Les vacances
han passat com ho ha fet l’estiu. Amb pressa. Com si la terra no suportés més
temps la calor i accelerés el pas dels seus dies buscant-ne uns més apetibles.
I amb el
final d’aquest mes d’agost infernal ha arribat un nou relat de Guy de
Maupassant. Una història d’amor ceg.
NOTA 4/5
El asesino.
L'assassin,
(1850-1893)
El culpable era defendido por un jovencísimo abogado,
un novato que habló así:
— Los hechos son innegables, señores del jurado. Mi
cliente, un hombre honesto, un empleado irreprochable, bondadoso y tímido, ha
asesinado a su patrón en un arrebato de cólera que resulta incomprensible. ¿Me
permiten ustedes hacer una sicología de este crimen, si puedo hablar así, sin
atenuar nada, sin excusar nada? Después ustedes juzgarán.
Jean-Nicolas Lougère es hijo de personas muy
honorables que hicieron de él un hombre simple y respetuoso. Este es su crimen:
¡el respeto! Este es un sentimiento, señores, que nosotros hoy ya no conocemos,
del que únicamente parece quedar todavía el nombre, y cuya fuerza ha desaparecido.
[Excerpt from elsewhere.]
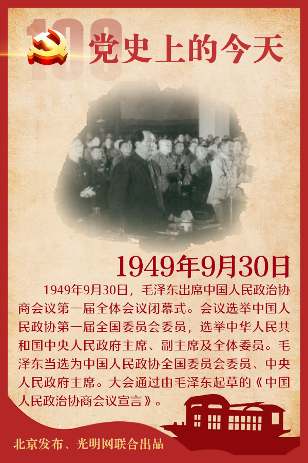 重要论述 1930年9月30日 周恩来在上海主持召开中共中央军委扩大会议,作目前红军的中心任务及其几个根本问题的报告。报告肯定朱毛红军游击战争的战略战术,认为朱毛红军为适应新的斗争形势,从游击战向带游击性的运动战转变,是战略性的转变,是完全正确的。朱毛红军主力从井冈山向赣南进军,开辟新根据地的事实,是开始历史的新篇幅,完全是国内农民战争在无产阶级领导之下走向消灭军阀战争的发展的一个进程。 1949年9月30日 毛泽东出席中国人民政治协商会议第一届全体会议闭幕式。会议选举中国人民政协第一届全国委员会委员,选举中华人民共和国中央人民政府主席、副主席及全体委员。毛泽东当选为中国人民政协全国委员会委员、中央人民政府主席。大会通过由毛泽东起草的《中国人民政治协商会议宣言》。宣言指出:“中国人民政治协商会议第一届全体会议业已胜利地完成了自己的任务。”“中国的历史,从此开辟了一个新的时代。”“中华人民共和国现已宣告成立,中国人民业已有了自己的中央政府。这个政府将遵照共同纲领在全中国境内实施人民民主专政。它将指挥人民解放军将革命战争进行到底,消灭残余敌军,解放全国领土,完成统一中国的伟大事业。它将领导全国人民克服一切困难,进行大规模的经济建设和文化建设,扫除旧中国所留下来的贫困和愚昧,逐步地改善人民的物质生活和提高人民的文化生活。它将保卫人民的利益,镇压一切反革命分子的阴谋活动。它将加强人民的陆海空军,巩固国防,保卫领土主权完整,反对任何帝国主义国家的侵略。它将联合一切爱好和平自由的国家、民族和人民,首先是联合苏联和各新民主国家,以为自己的盟友,共同反对帝国主义者挑拨战争的阴谋,争取世界的持久和平。”大会还通过《给全国人民解放军的致敬电》、竖立“为国牺牲的人民英雄纪念碑”的决定和由毛泽东起草的纪念碑碑文。下午六时,出席政协会议的全体代表在天安门广场举行人民英雄纪念碑奠基典礼。周恩来代表主席团致词。毛泽东宣读纪念碑碑文:“三年以来,在人民解放战争和人民革命中牺牲的人民英雄们永垂不朽!三十年以来,在人民解放战争和人民革命中牺牲的人民英雄们永垂不朽!由此上溯到一千八百四十年,从那时起,为了反对内外敌人,争取民族独立和人民自由幸福,在历次斗争中牺牲的人民英雄们永垂不朽!”毛泽东和出席会议的各单位首席代表执锨铲土,为纪念碑奠基,表示对先烈的崇敬。 2013年9月30日 中共中央政治局以实施创新驱动发展战略为题举行第九次集体学习。习近平在主持学习时强调,实施创新驱动发展战略决定着中华民族前途命运。全党全社会都要充分认识科技创新的巨大作用,敏锐把握世界科技创新发展趋势,紧紧抓住和用好新一轮科技革命和产业变革的机遇,把创新驱动发展作为面向未来的一项重大战略实施好。 他指出,当前,从全球范围看,科学技术越来越成为推动经济社会发展的主要力量,创新驱动是大势所趋。新一轮科技革命和产业变革正在孕育兴起,一些重要科学问题和关键核心技术已经呈现出革命性突破的先兆,带动了关键技术交叉融合、群体跃进,变革突破的能量正在不断积累。即将出现的新一轮科技革命和产业变革与我国加快转变经济发展方式形成历史性交汇,为我们实施创新驱动发展战略提供了难得的重大机遇。机会稍纵即逝,抓住了就是机遇,抓不住就是挑战。我们必须增强忧患意识,紧紧抓住和用好新一轮科技革命和产业变革的机遇,不能等待、不能观望、不能懈怠。 他强调,从国内看,创新驱动是形势所迫。我国经济总量已跃居世界第二位,社会生产力、综合国力、科技实力迈上了一个新的大台阶。同时,我国发展中不平衡、不协调、不可持续问题依然突出,人口、资源、环境压力越来越大。物质资源必然越用越少,而科技和人才却会越用越多。我们要推动新型工业化、信息化、城镇化、农业现代化同步发展,必须及早转入创新驱动发展轨道,把科技创新潜力更好释放出来,充分发挥科技进步和创新的作用。 2020年9月30日 习近平在联合国生物多样性峰会上发表讲话指出,在联合国成立75周年之际,在各国致力于抗击新冠肺炎疫情、推动经济高质量复苏这一特殊时刻,联合国举办生物多样性峰会,大家共同探讨保护生物多样性、促进可持续发展的重大课题,具有现实而深远的意义。当前,全球物种灭绝速度不断加快,生物多样性丧失和生态系统退化对人类生存和发展构成重大风险。新冠肺炎疫情告诉我们,人与自然是命运共同体。我们要同心协力,抓紧行动,在发展中保护,在保护中发展,共建万物和谐的美丽家园。他就此提出4点建议:一是坚持生态文明,增强建设美丽世界动力。二是坚持多边主义,凝聚全球环境治理合力。三是保持绿色发展,培育疫后经济高质量复苏活力。四是增强责任心,提升应对环境挑战行动力。 党史回眸 1981年 9月30日 叶剑英向新华社记者发表谈话,进一步阐述关于台湾回归祖国、实现祖国和平统一的九条方针政策。 2020年 9月30日 中共中央印发《中国共产党中央委员会工作条例》,把“坚持党对一切工作的领导,确保党中央集中统一领导”作为中央委员会开展工作必须把握的第一条原则。这是坚持和完善党的领导制度体系的关键之举,是强化“两个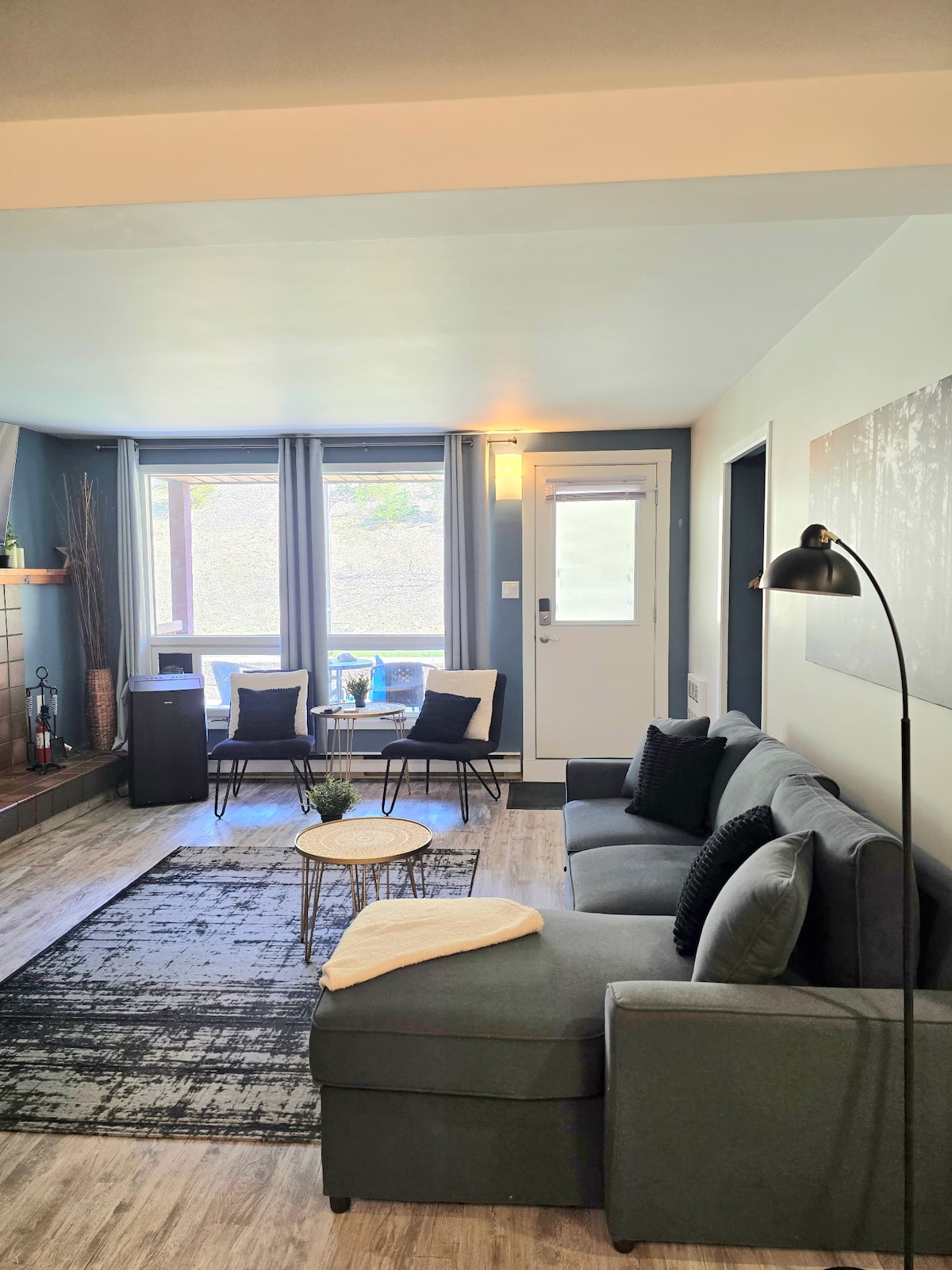 Fall in love with the Rocky Mountains in this creek side ski in ski out townhouse. Fully renovated, this beautiful Riverbend Panorama home, with a view of the mountains, is located steps away from the gondola and hiking trails along the picturesque Toby Creek. There are two separate bedrooms, each with their own full on-suite bathrooms, and a fire side queen size sofa bed (with upgraded foam mattress) in the living room to accomodate a total of six guests.

Es necesario entrar en determinadas familias antiguas y modestas, para
encontrar esta tradición severa, esta devoción a la cosa o al hombre, al
sentimiento o a la creencia revestida de un carácter sagrado, esta fe que no
soporta ni la duda ni la sonrisa ni el roce de la sospecha. No se puede ser un
hombre honesto, un hombre honesto de verdad, con toda la fuerza que este
término implica, si no se es respetuoso. El hombre que respeta con los ojos
cerrados, cree. Nosotros, con nuestros ojos muy abiertos sobre el mundo, que
vivimos aquí, en este palacio de justicia que es la cloaca de la sociedad,
donde vienen a parar todas las infamias, nosotros que somos los confidentes de
todas las vergüenzas, los defensores consagrados de todas las miserias humanas,
el sostén, por no decir los defensores de todos los bribones y de todos los
desvergonzados, desde los príncipes hasta los vagabundos de los arrabales,
nosotros que acogemos con indulgencia, con complacencia, con una benevolencia
sonriente a todos los culpables para defenderlos delante de ustedes, nosotros
que, si amamos verdaderamente nuestro oficio, armonizamos nuestra simpatía de
abogado con la dimensión del crimen, nosotros ya no podemos tener el alma
respetuosa. Vemos demasiado este río de corrupción que fluye de los más
poderosos a los últimos pordioseros, sabemos muy bien cómo ocurre todo, cómo
todo se da, cómo todo se vende. Plazas, funciones, honores, brutalmente a
cambio de un poco de oro, hábilmente a cambio de títulos y de lotes de reparto
en las empresas industriales, o simplemente por un beso de mujer. Nuestro deber
y nuestra profesión nos fuerzan a no ignorar nada, a desconfiar de todo el
mundo, ya que todo el mundo es sospechoso, y quedamos sorprendidos cuando nos
encontramos enfrente de un hombre que tiene, como el asesino sentado delante de
ustedes, la religión del respeto tan arraigada como para llegar a convertirse
en un mártir.
Nosotros, señores, hacemos uso del honor igual que del
aseo personal, por repugnancia a la bajeza, por un sentimiento de dignidad
personal y de orgullo; pero no llevamos al fondo del corazón la fe ciega,
innata, brutal, como este hombre. Déjenme contarles su vida.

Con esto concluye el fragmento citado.